山代先生 国語はあらゆる教科の基礎になっているものですから、非常に大事な科目です。そのことを教科側も自覚していますので、生徒が「読む」「聞く」「話す」「書く」の4つの力を付けられるように、教師としてさまざまな取り組みをしていきたいと思っています。

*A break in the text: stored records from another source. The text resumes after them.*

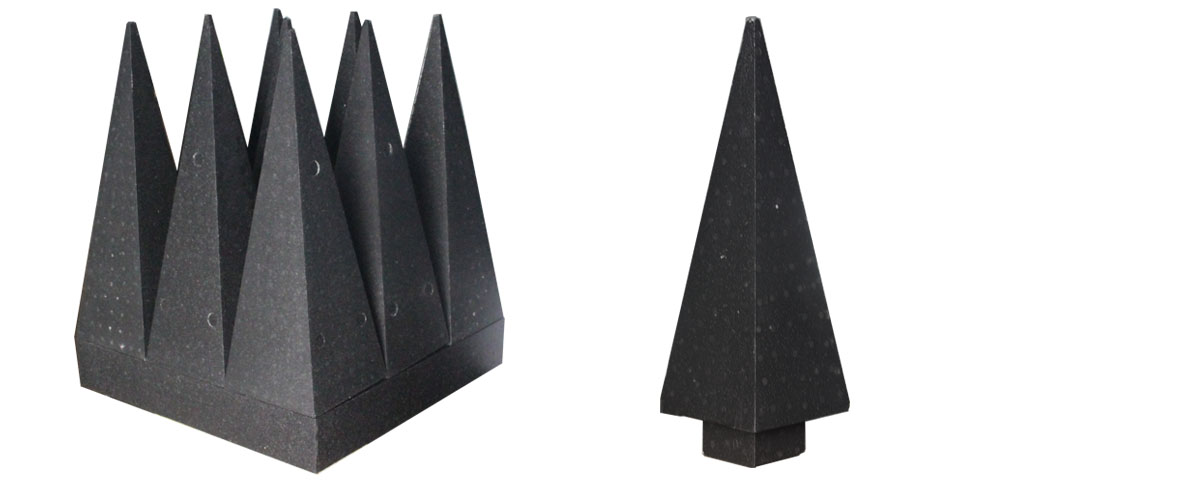 It is an electric wave absorber based on expanded polystyrene that uses a resistive loss absorber and a ferrite magnetic loss absorber.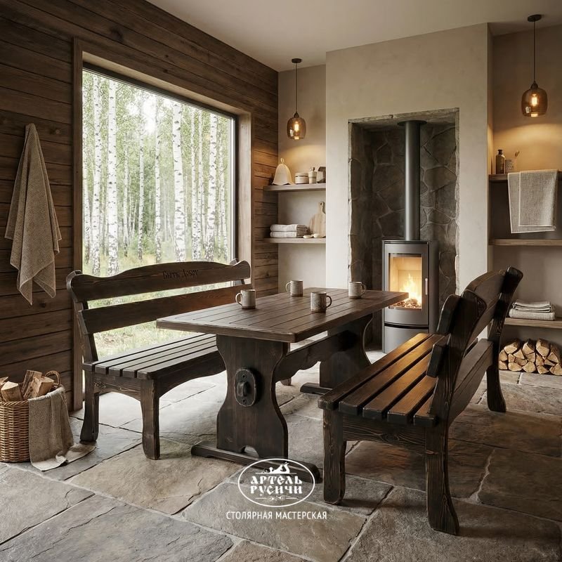 Комплект мебели «Псковский» на 6-8 персон состоит из 2-метрового стола и 2 скамеек. Материал изготовления - натуральная древесина (северная сосна).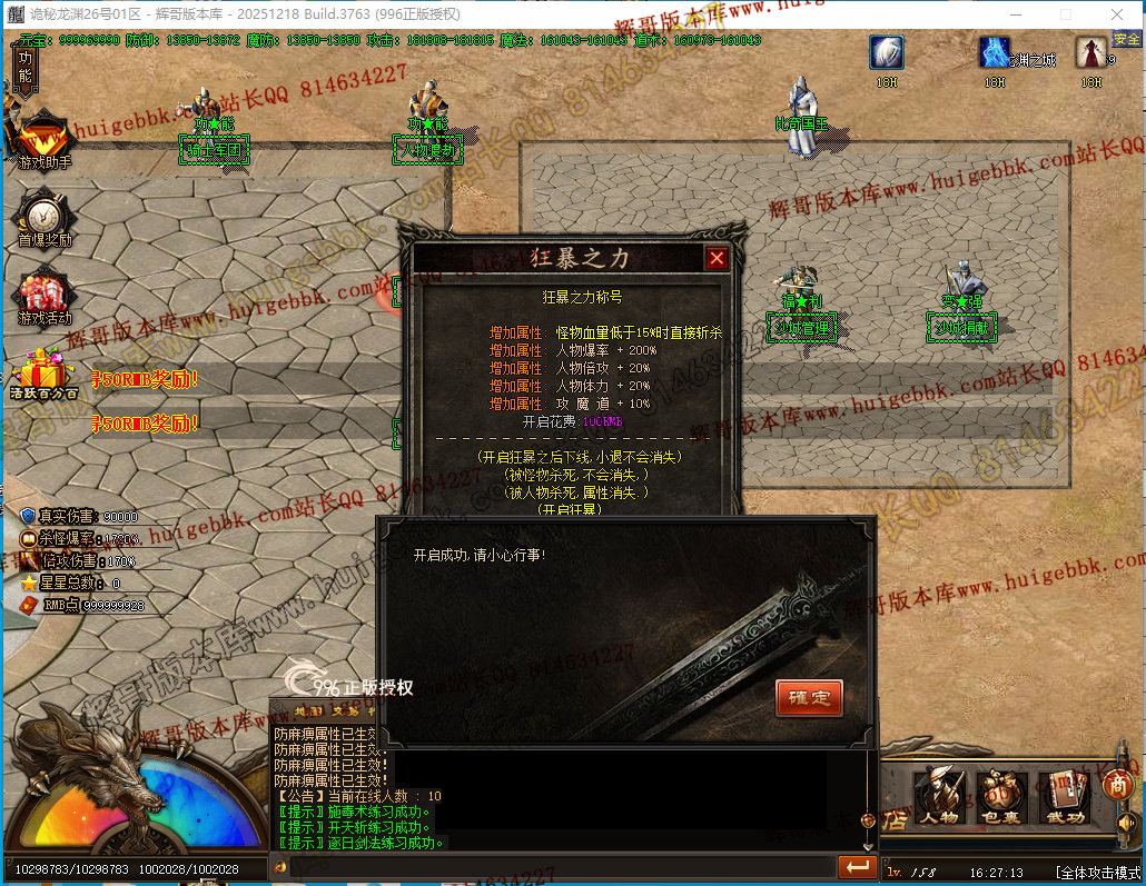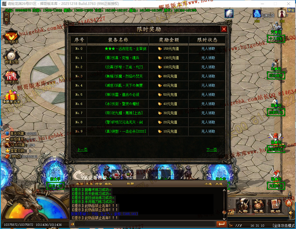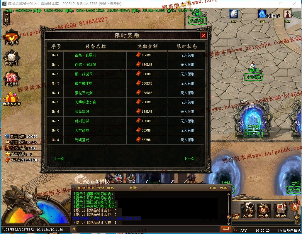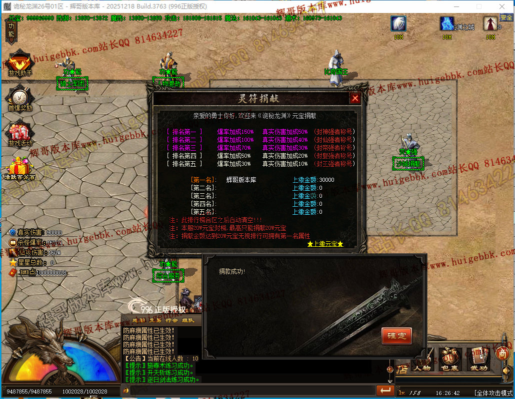 如果发现影响开区的大问题,可联系站长进行免费修复,细节问题自己处理不负责细节问题,

これはまだ取り組んでいないのですが、いずれ国語の時間で生徒に動画を作らせたいですね。YouTubeを含め映像作品は受け身の媒体ですが、逆に作る側になり能動的な取り組みにしていく。生徒にテーマや台本決めさせて、例えば人に喜んでもらうにはどういう内容にしたらいいのかなどを考えさせて、動画を作らせてみる授業は、最終的に国語につながるなと。それも主体的で今の時代に合っているなら、生徒も喜んで取り組んでくれるのではないかと思っています。

湘南白百合学園中学校 校舎からの景色

湘南白百合学園中学校 校舎からの景色

インタビュー3/3

湘南白百合学園中学校
湘南白百合学園中学校1936(昭和11)年、フランスのシャルトル聖パウロ修道女会が創設した幼稚園を前身に、カトリックの精神に基づいた女子教育を行っています。全国7校の姉妹校とともに、「従順」「勤勉」「愛徳」を校訓に、神と人の前に誠実で、社会に奉仕できる女性の育成をめざしています。湘南の高台に立つキャンパスは、江の島や相模湾が一望できる自然あふれる環境で、校地内にはリスの姿も見られるほど。併設大学がありますが、東京大学をはじめとした国公立大学や難関私大、医学部への進学実績は堅調です。
6年間を通して宗教の授業を実施しており、キリスト教の普遍的価値観に触れながら、世界で関わる他者を尊重する姿勢や、自らの資質を活かして社会に奉仕する心を育てています。英語教育のレベルが高く、中学1年から少人数クラス、中学2年からは習熟度別少人数クラス制を実施。Eラーニングも取り入れ、個別最適な英語の学びを提供しています。また英語に堪能な生徒を対象とした極少人数のEクラスでは、海外のテキストを使用したハイレベルな授業を中学1年時より行っています。数学も中学1年から少人数クラス、中学3年からは習熟度別少人数クラスを開設。きめ細かな添削課題などで基礎学力を確かなものにするとともに、探究の授業を中心に、発言の機会や深く考える場面が数多くあります。探究の授業では、中学1年から高校2年まで、テーマと形態を学年ごとに発展・展開させながら教科の枠を超えて学びます。
近年は、新たな教育を見据えて学校の施設もリニューアルしています。創立75周年を記念して作られた、1200人収容の「白百合ホール」をはじめ、2020年には紙の書籍とICT機器を集約した「メディアネットラボ」が、2022年には有志の生徒がリノベーションを手がけたカフェテリア「リリースペース」が完成。全面人工芝に改修したグラウンドは、体育の授業はもちろん、運動部の生徒たちが活用しています。「リリースペース」を生徒が作り上げるなど、生徒主体の活動が活発化しています。フィリピンの姉妹校とグローバルな取り組みを行っている「PVO」や、SDGsを推進している「SEE」は生徒が立ち上げた有志団体。学年や部活の枠を超え、生徒主体の様々なチャレンジの場があります。